Catégorie: Dark Side
Relisant mes veines, je me demande si celui qui se tord ne vaut pas mieux que celui qui se pavane. Je pourrais avoir peur de perdre la verve, et la rage si elles n'étaient pas encrées dans ma chair comme le métal que les cicatrices recouvrent. Puis-je quitter les rives du mal, vraiment? Je crois qu'aucun bateau ne m'emmènera jamais assez loin pour ne plus le sentir, je crois que quand le diable connaît votre chanson il vous la fredonne, parce qu'il sait que vous y êtes accro, même si ça fait mal, même si ça coule dans vos veines comme des légions de rasoirs, parce que c'est vous, que vous le savez et que vous ne voulez pour rien au monde qu'on vous coupe la tête, ou la chique.

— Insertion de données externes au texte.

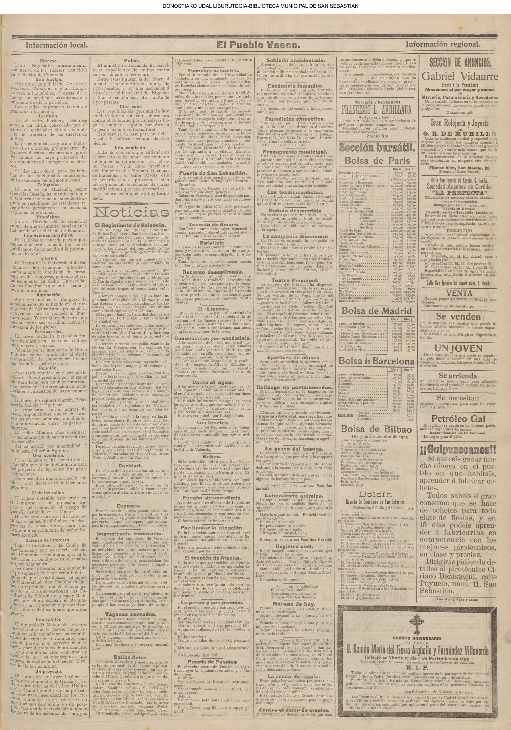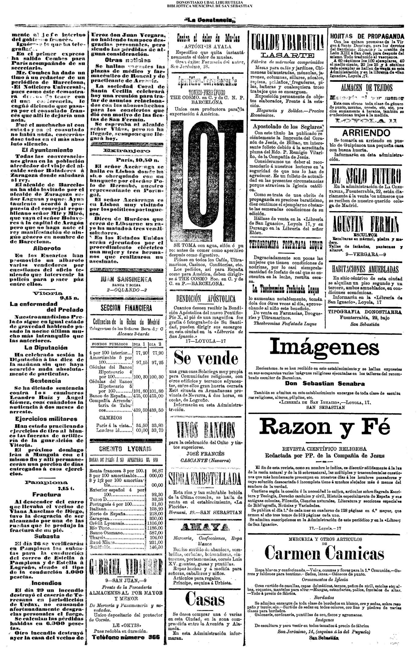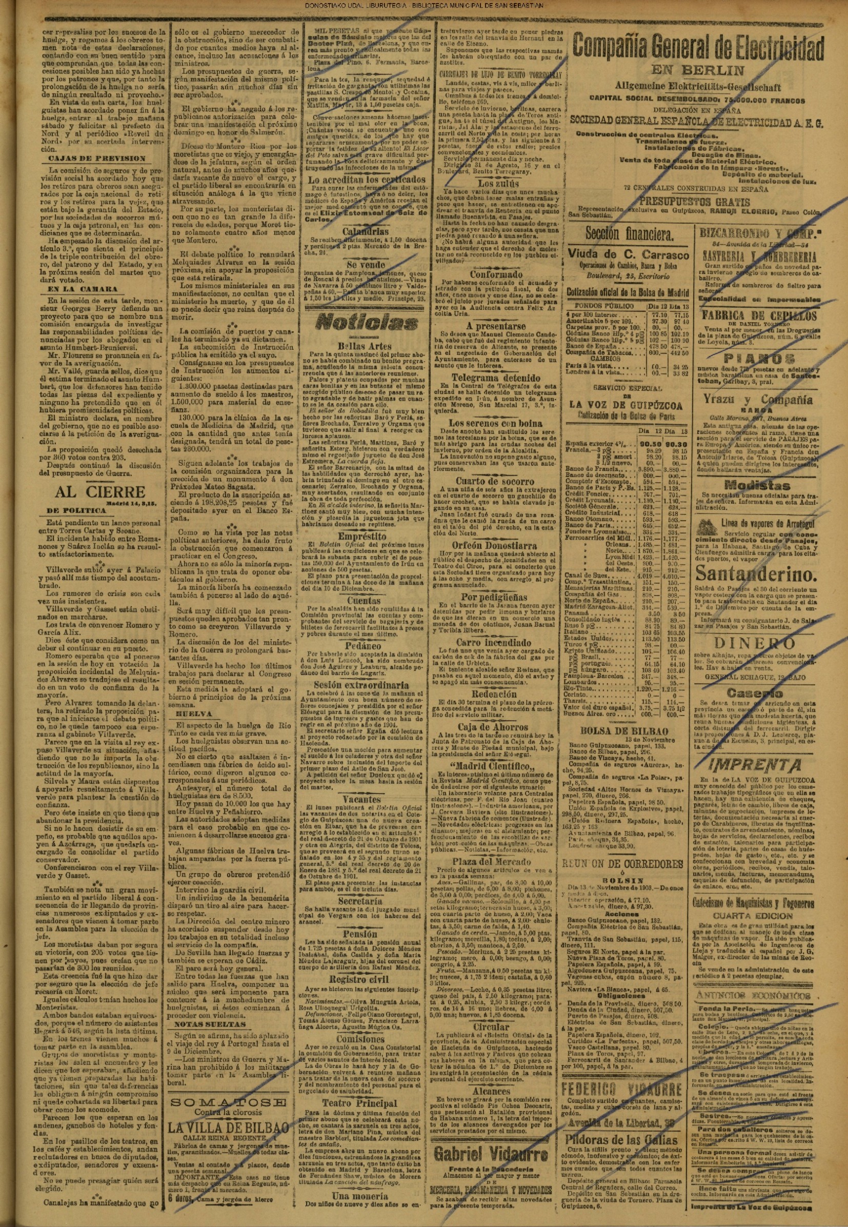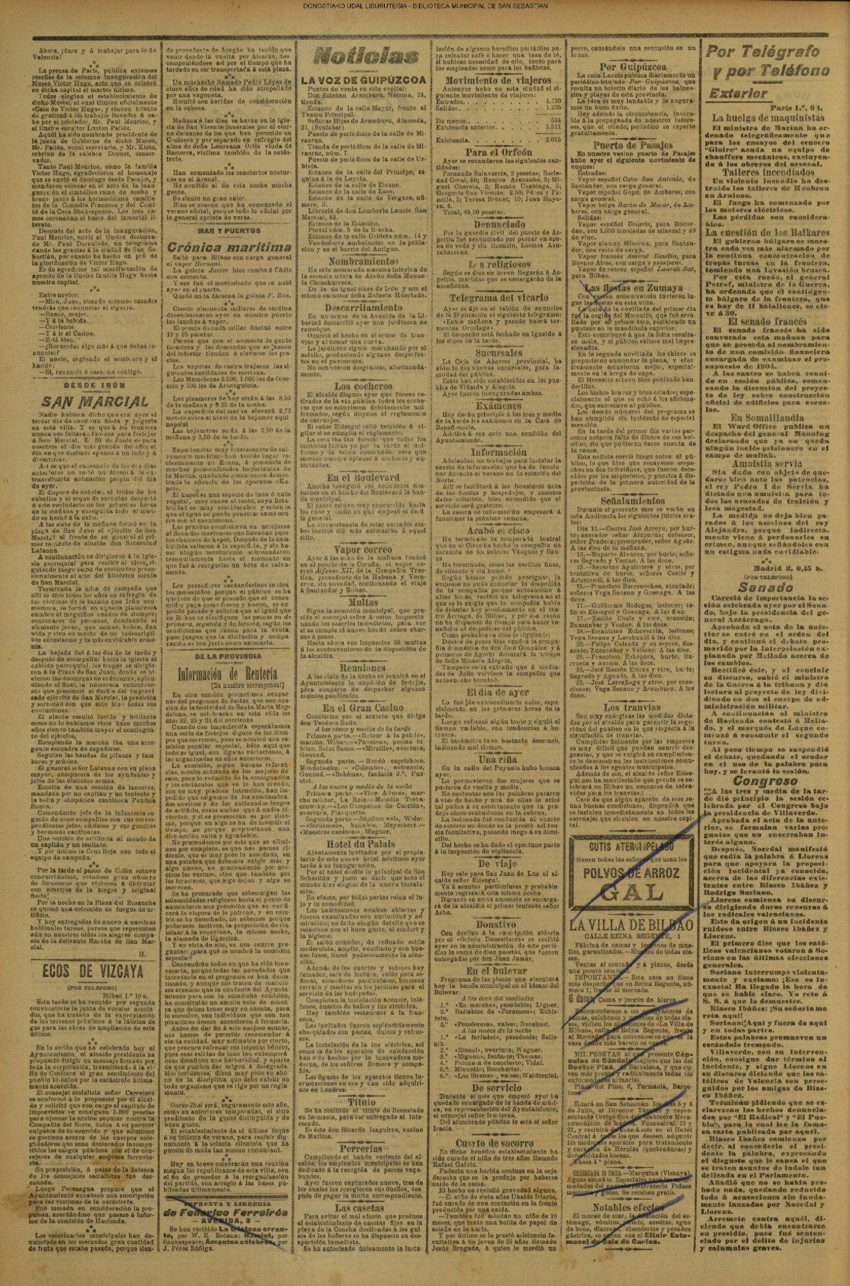 | # DOS PROYECTOS IMPORTANTES EN SAN SEBASTIÁN Se van-á llevar á cabo en la hermosa capital donostiarra dos obras de importancia, gracias á la benéfica institución titulada «La Caja de ahorros municipal», que ha ofrecido al Ayuntamiento de San Sebastián las sumas necesarias para la construcción de casas para obreros, en condiciones que puedan ser arrendadas á éstos por módicos alquileres, que al cabo de cierto número de afios, suficientes para resarcirse del capital, les hagan propietarios de la casa, y para la ejecución del proyectado puente que substituya al actual de madera que une con la estación del Norte el paseo de los Fueros, construcción verdaderamente necesaria, dado el desarrollo que la población va adquiriendo por los terrenos de Amara y las dificultades de la circulación, cada día más creciente, por la única vía hoy útil para i-nir al casco de la ciudad con la importantísima barriada de más allá del Urumea. ("LA CONSTRUCCIÓN MODERNA". 01.09.1903. núm.16)(p.17) |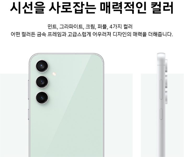 갤럭시 S23 FE는 세련된 디자인과 다양한 색상 옵션을 제공합니다. 크림, 그라파이트, 라벤더, 올리브 등 다양한 색상 중 선택할 수 있어, 개인의 취향에 맞게 선택할 수 있습니다. 또한, 슬림하고 가벼운 디자인으로 휴대성이 뛰어나며, 한 손으로도 편리하게 사용할 수 있습니다.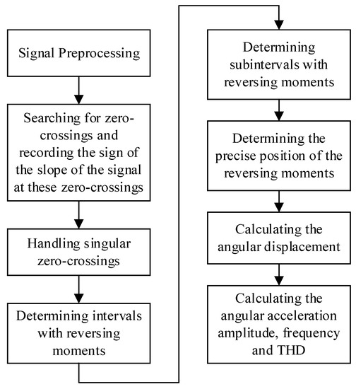 This paper has improved the earlier method, and the reversing moments have been estimated accurately to specific data points. The improved algorithm contains eight steps, as shown in Figure 2. The first four steps and the angular acceleration amplitude and frequency calculation method are similar to [9]. Thus, the improved algorithm is mainly described in the following part, including determining subintervals with reversing moments, determining the precise position of the reversing moments, calculating the angular displacement, and calculating the THD.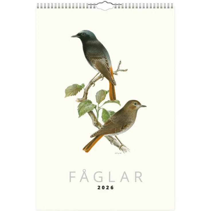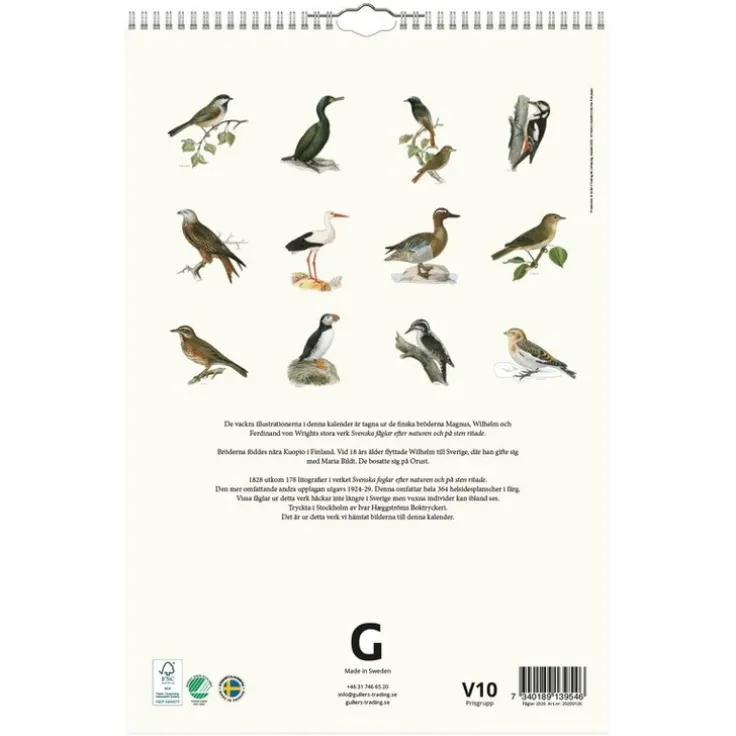 Väggkalender Fåglar 2026 med illustrationer av Magnus, Wilhelm och Ferdinand von Wright från 1800-talets mitt och slut. Svenska namndagar och helgdagar. Kalendern är producerad och tryckt i Sverige på svenskt papper. Märkt med både Svanen och FSC.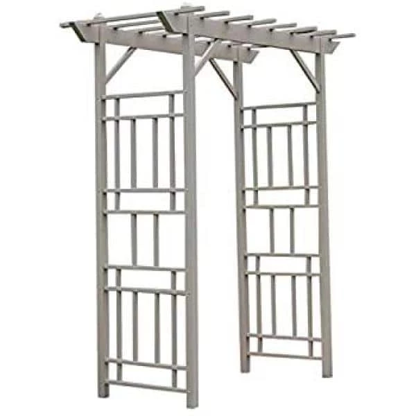 Infuse your garden with contemporary design by adding the DuraTrel Wellington 72 in. x 85 in. White Vinyl Arbor to your yard. This unique arbor has a pergola-style flat top supported by side panels with crisp, intricate geometric designs. The straight lines will contrast beautifully with the flowing forms of nature for an eye-catching effect. Train wisteria, ivy, or even grapes to weave in and out of the grid to create personalized modern art in your yard. Your arbor will look like it has always been there due to the subtle brown color, which resembles natural aged wood. However, the arbor is made of durable vinyl with titanium oxide that protects the material from damaging UV rays. Your arbor will never fade, crack, peel, or need to be painted. Arbor pieces arrive pre-fabricated for quick and easy assembly. The ground anchors and all necessary hardware are included. All DuraTrel products come with a 20-year limited manufacturer warranty.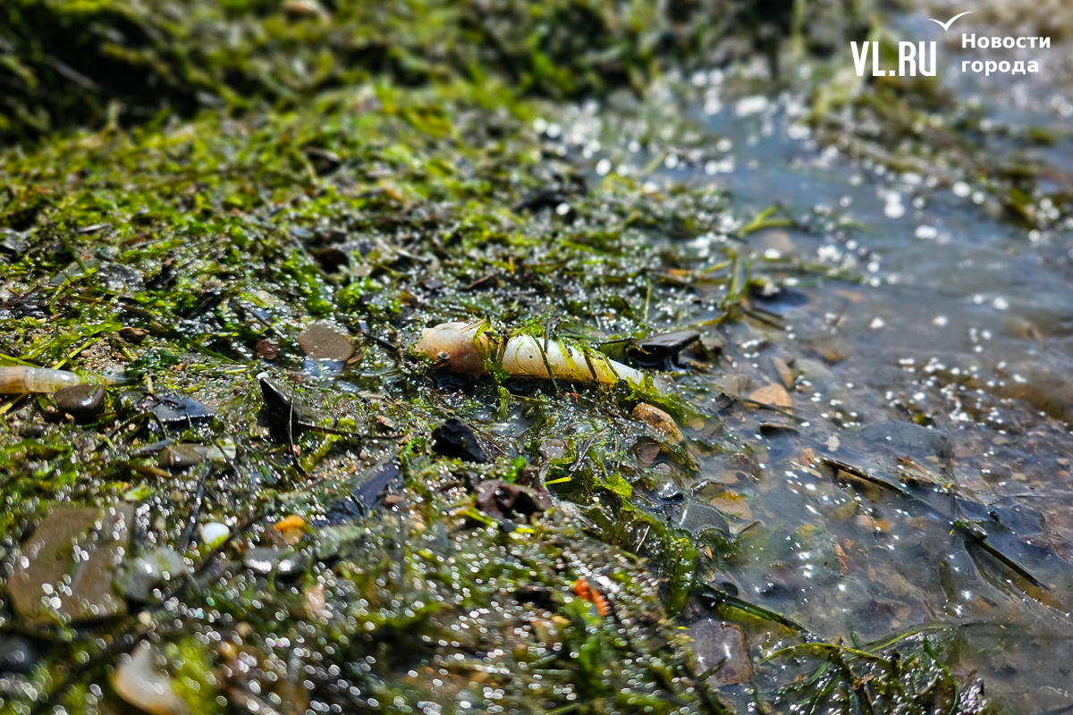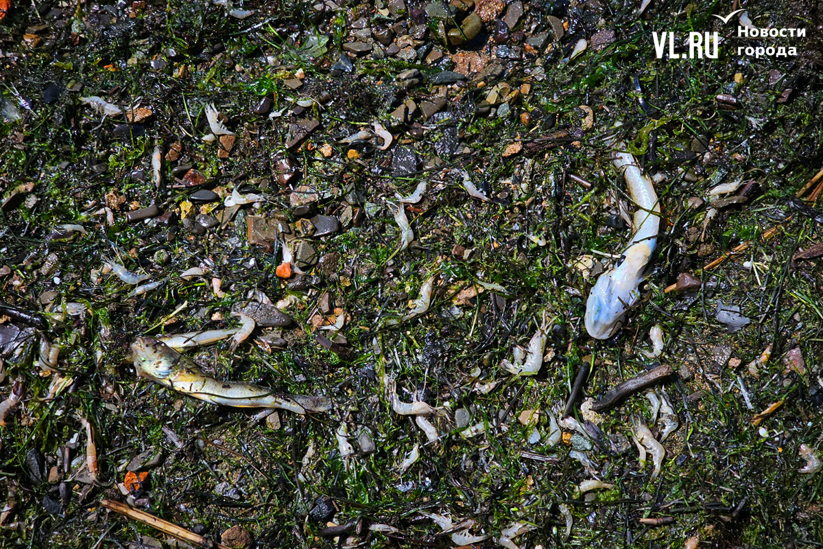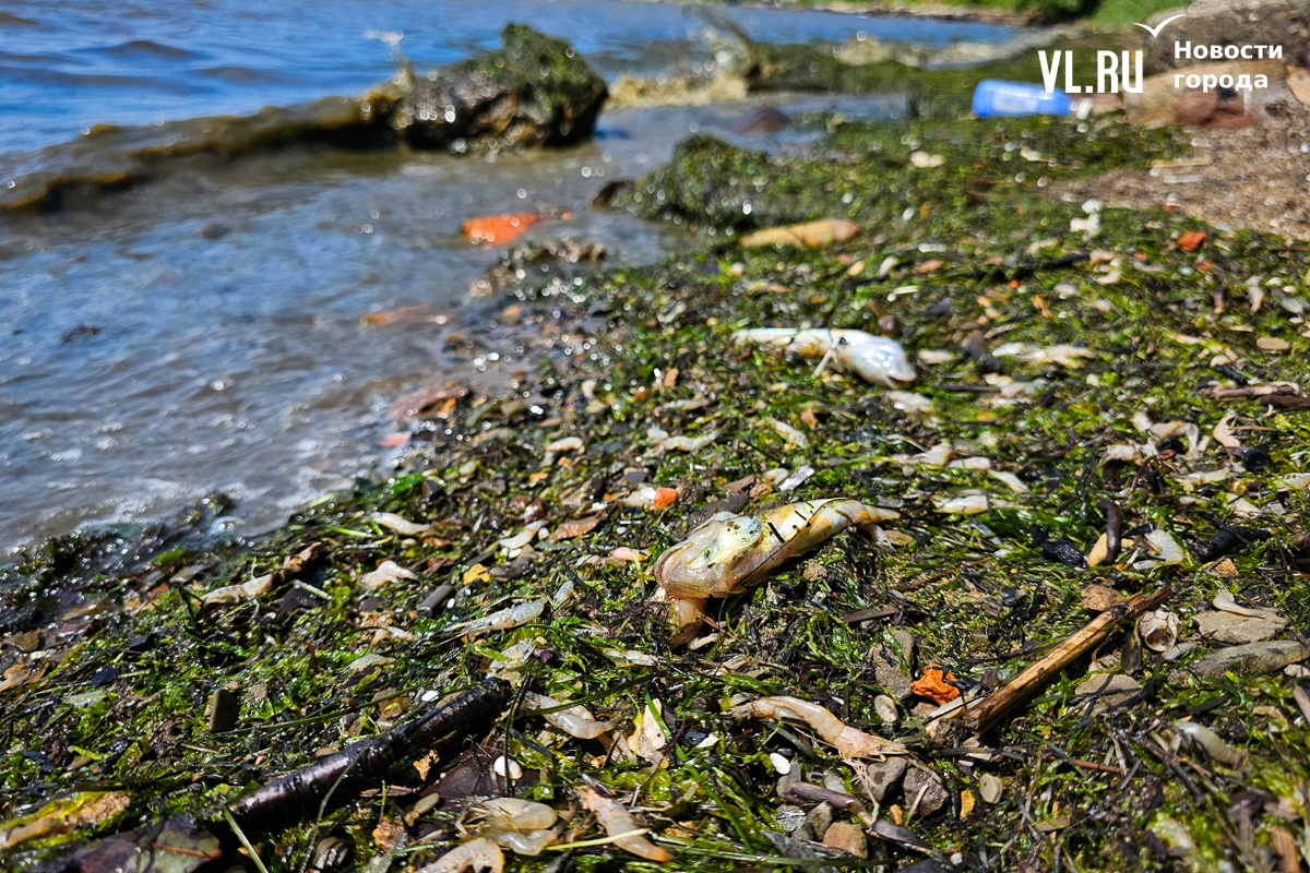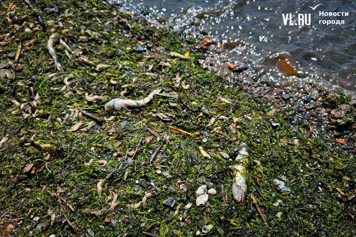 Обновлено 16 августа: Сотрудники Владивостокской межрайонной природоохранной прокуратуры и Приморского территориального управления Росрыболовства обследовали берег бухты Бражникова в районе Фанзавода. На береговой полосе обнаружено скопление выброшенных на берег гидробионтов. Отобраны пробы. Ситуация находится на контроле природоохранного прокурора, при наличии оснований будут приняты меры реагирования.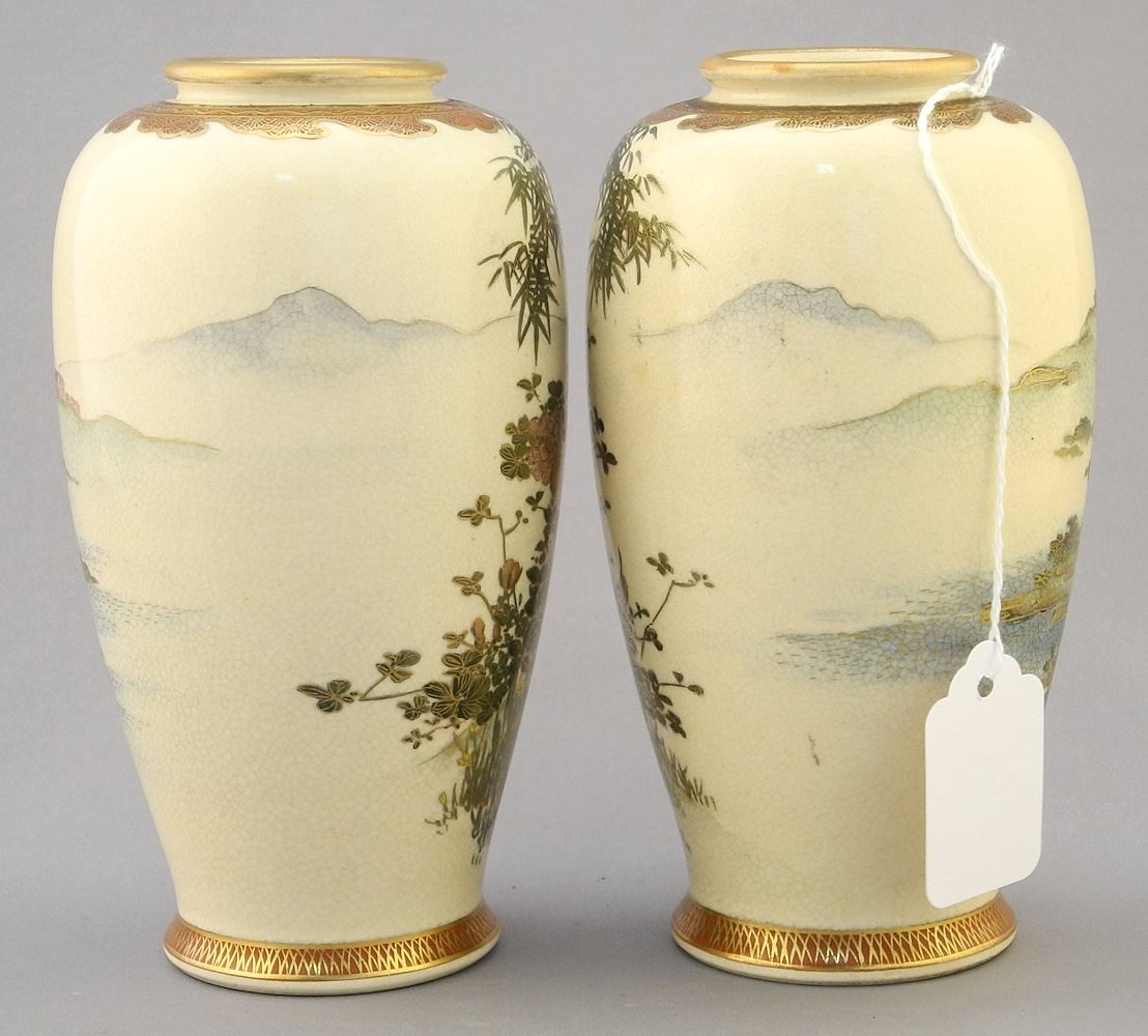 LOT 166 Pair of Satsuma Vases, signed, 6"H. Estimate: $80 - $140 Sold For: $225 Auction Date: Tuesday, March 19 2024 at 4:00 PM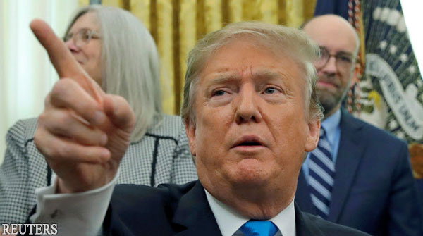 | 川普2月19日在美國白宮接受記者採訪(Reuters) |

Relisant tout le sang que j'ai fait s'écouler hors de moi, comment je pourrais ne pas l'envier, ne pas vouloir être sûre qu'encore il ira rougir mes nuits, qu'il ira engloutir encore ces démons, qui reviendront encore, et que je les regarderai danser avec un écoeurement avide, enivrée de l'urgence de savoir que je suis seule à pouvoir les toucher, à les posséder autant qu'ils me possèdent, et que s'ils ont des dents pointues c'est parce que la vie est faite pour sortir de moi, et couler, couler jusqu'à plus soif, ne pas tarir, ne pas taire, ne pas garder surtout, ne rien garder.
Ce que je suis tient en peu de mots, que je brasse dans ma folie, avec l'entêtement de l'utopie, croire c'est aussi être de l'autre côté de la frontière, avec ceux de l'autre côté du fleuve, l'autre rive. Et mes passeurs comment je pourrais ne pas vouloir les voir revenir? Cette aliénation qui se tient à la force de la foi, ne pas plier, ne rien fixer que ce point en contrebas, celui qui vous centre et vous fait tenir droit, debout, vers lequel vous vous enfoncez chaque fois que s'ouvre le ventre, le trou noir et béant au fond de vous, qui aspire tout et auquel je ne peux résister. Celui que je vois partout, obsession fantomatique aussi réel qu'une plaie à vif, qui nargue et qui mord, coup de canif au cas où j'oublie, coup de canon à boulet rouge, histoire de rouvrir les blessures, celles que je croyais défaites de moi. Pourtant non, comme des traînées sanguines elles ravagent, fleuves des mourants, elles m'écartent en deux berges et dans le bouillon je descends vers le fond. Puis-je quitter les rives du mal, vraiment?
Absurde que de croire qu'on puisse se défaire de ce qui fait la vie, quand on est fait ainsi que le mal qui coule est une chance, une trace divine à suivre à la lettre. Relisant les rives de mes fureurs je ne vois que l'éclat et la force, et quand bien même je les croirais trop loin de moi aujourd'hui, je sais que les passeurs sont là qui guettent, et que tôt ou tard je franchirais le fleuve encore, parce qu'il est là, le secret, et l'aller-retour est peut être une folie, mais c'est tout ce que j'ai. Tout ce que je sais faire.
Croire à l'autre rive, c'est un peu en crever, mais comment puis-je renoncer à celui que je suis. Quelle prétention de vouloir refuser. Je n'ai pas peur. Peut importe si je deviens parfois celui qui se pavane. Et que toute la verve semble tarie. Peut importe même si j'en venais à oublier qui je suis, que je m'éloigne si loin des rives du mal. Les passeurs y veillent, ils reviendront me chercher. Le diable sait que j'y suis accro, que j'ai ça dans la peau. Il connaît ma chanson, et il adore la chanter. Et je le laisserai chanter encore, et encore. Sirène hurlante m'ouvrant en deux, la mort n'est pas loin, dans ces guenilles qu'il faut enfiler, la vérité aussi. Un point en contrebas. Et comme je cherche, comme je plonge, le diable chante je le sais. Mais relisant la partition de mes veines, je n'y vois pas sa trace. Je n'y vois que la vie. Et la force. C'est ce que je ramène de l'autre rive. Sans comprendre, sans pouvoir dire comment ni pourquoi, juste que je sais le faire, et que je dois le faire. C'est ainsi.
Un passeur. C'est tout ce que je suis.